# wooden vivarium glass runner help!



## ashleighsuzanne (Jan 9, 2013)

hello I have almost finished making my wooden vivarium and after a bit of advice on the glass runners.
We have brought metal runners but not to sure weather we should take them back and get plastic ones if there any better as I read a guide that they use the pvc type runners are the metal runners ok to use and if so how do I go about fitting them to the viv as the pvc ones are glued.
thank you 
:whistling2:


----------



## Meko (Apr 29, 2007)

metal are fine to use.

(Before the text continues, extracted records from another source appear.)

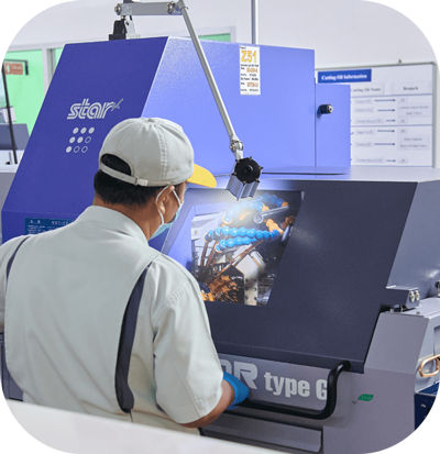 การผลิต Cutting Tools ขึ้นใช้เองภายในองค์กรเราได้จัดตั้งห้อง R&D ด้าน Tool โดยเฉพาะ ซึ่งมีเครื่องเจียร Tool ต่าง ๆ รวมถึงเครื่องมือตรวจสอบครบครัน และดำเนินการออกแบบและผลิต Tool ภายในบริษัทเองโดยคำนึงถึงลักษณะเฉพาะของวัสดุที่นำมาผลิตและเงื่อนไขในการผลิต การผลิต Tool ภายในนี้ช่วยลดต้นทุน อีกทั้งยังสามารถตอบสนองต่อการทดลองผลิตและข้อเสนอแนะได้อย่างรวดเร็ว โดยสามารถปรับรูปร่าง Tool ให้ตรงตามแบบของลูกค้า นอกจากนี้ ยังสามารถพัฒนา Tool ที่ไม่สามารถหาได้จากท้องตลาดทั่วไป โดยจะออกแบบให้เหมาะสมกับรูปร่างของชิ้นงาน เพื่อช่วยลดขั้นตอนการผลิต และลดเวลา Cycle Time ในการผลิตได้อีกด้วย Tool ที่ผลิตภายในจะถูกนำไปใช้งานจริงในการผลิตทันที เพื่อทำการเก็บข้อมูล "ตรวจสอบ ยืนยันให้แน่ใจ และปรับปรุง" ช่วยลดเวลาที่ต้องประสานงานกับหน่วยงานภายนอก ทำให้สามารถปรับปรุง Tool ที่ใช้ในการกลีงได้อย่างมีประสิทธิภาพ นอกจากนี้ เรายังได้สร้างระบบที่สามารถตรวจสอบไม่เพียงแค่รูปทรงของ Tool เท่านั้น แต่รวมถึงการตัดสินใจเงื่อนไขการกลึงไปพร้อมกัน ซึ่งนำไปสู่การเรียนรู้ Knowhow เฉพาะตัวของบริษัทเรา เรายังจัดอบรมให้ความรู้ที่ห้อง R&D อย่างสม่ำเสมอ เพื่อพัฒนาความรู้เกี่ยวกับ Tool และเทคโนโลยีการแปรรูป อีกทั้งยังมุ่งมั่นในการพัฒนาบุคลากรภายในองค์กรให้มีทักษะที่จำเป็นสำหรับการผลิต Tool ภายในบริษัทเองอีกด้วย |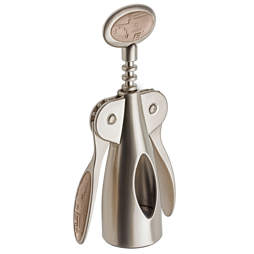 Штопор Apollo "DaVinci" имеет два рычага с помощью которых вы легко сможете вытащить пробку из бутылки. На ручках предусмотрены противоскользящие вставки.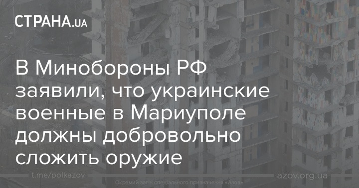 Минобороны РФ подтвердило информацию о том, что Россия не согласна выпустить защитников Мариуполя из почти разрушенного города и требует от них сдачи в плен, о чем сегодня говорил президент Украины Владимир Зеленский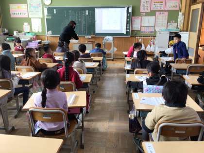 1年生は、机の上に必要なものを準備していました。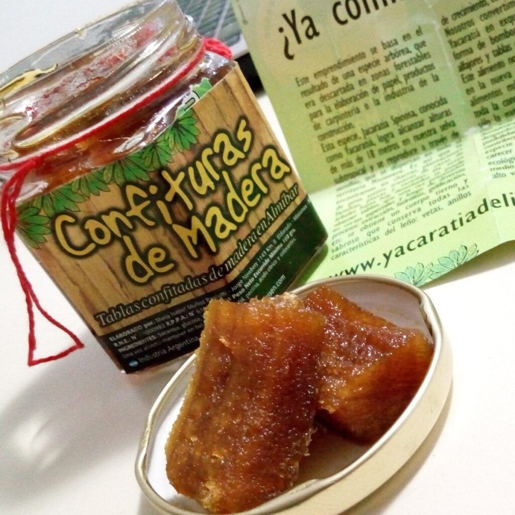 Se trata de un emprendimiento para dar uso a la especie de árbol YACARATÍA, variedad que se encuentra en las rojizas tierras de Misiones, era descartada para la producción de papel, carpintería u otros usos de la madera, encontrando la posibilidad de usarlo en una línea comestible, convirtiendo a este producto en exquisiteces que toman forma de bombones, dulces, bocaditos, alfajores y tablas confitadas.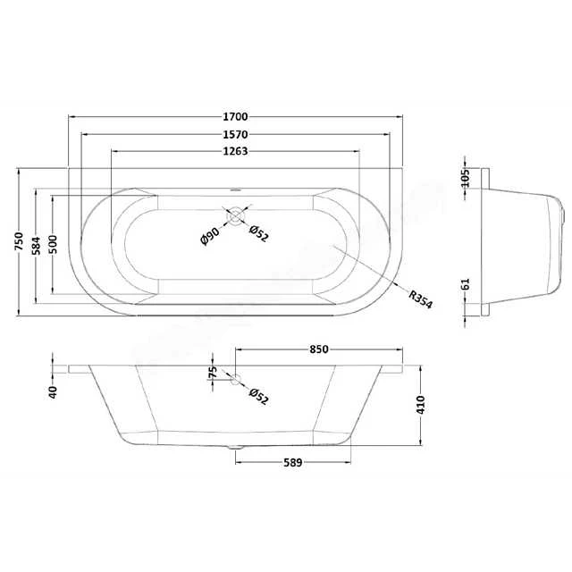 - 1700 x750mm

You can fit them all the same way, just stick them down and off you go


----------



## ashleighsuzanne (Jan 9, 2013)

brilliant don't suppose you no what glue I should use for this?


----------



## Meko (Apr 29, 2007)

aquarium sealant or no more nails are the most popular choice for glass runners.


----------



## ashleighsuzanne (Jan 9, 2013)

ah I forgot about no more nails  ooh both my runners are the same size on this guide I realised this morning they have one bigger and one shallow can I still use the same size runners or do they need to be one bigger and one shallow?


----------



## swede (Aug 7, 2011)

ashleighsuzanne said:


> ah I forgot about no more nails  ooh both my runners are the same size on this guide I realised this morning they have one bigger and one shallow can I still use the same size runners or do they need to be one bigger and one shallow?


You need the different sizes to be able to lift the glass in and out...


----------



## Meko (Apr 29, 2007)

you need the bigger ones on top to stop the glass from falling out. 

you can use them the same size but you need to fit them and the glass as all one 'unit' and then you won't be able to remove the glass, as it's too big to take out.


----------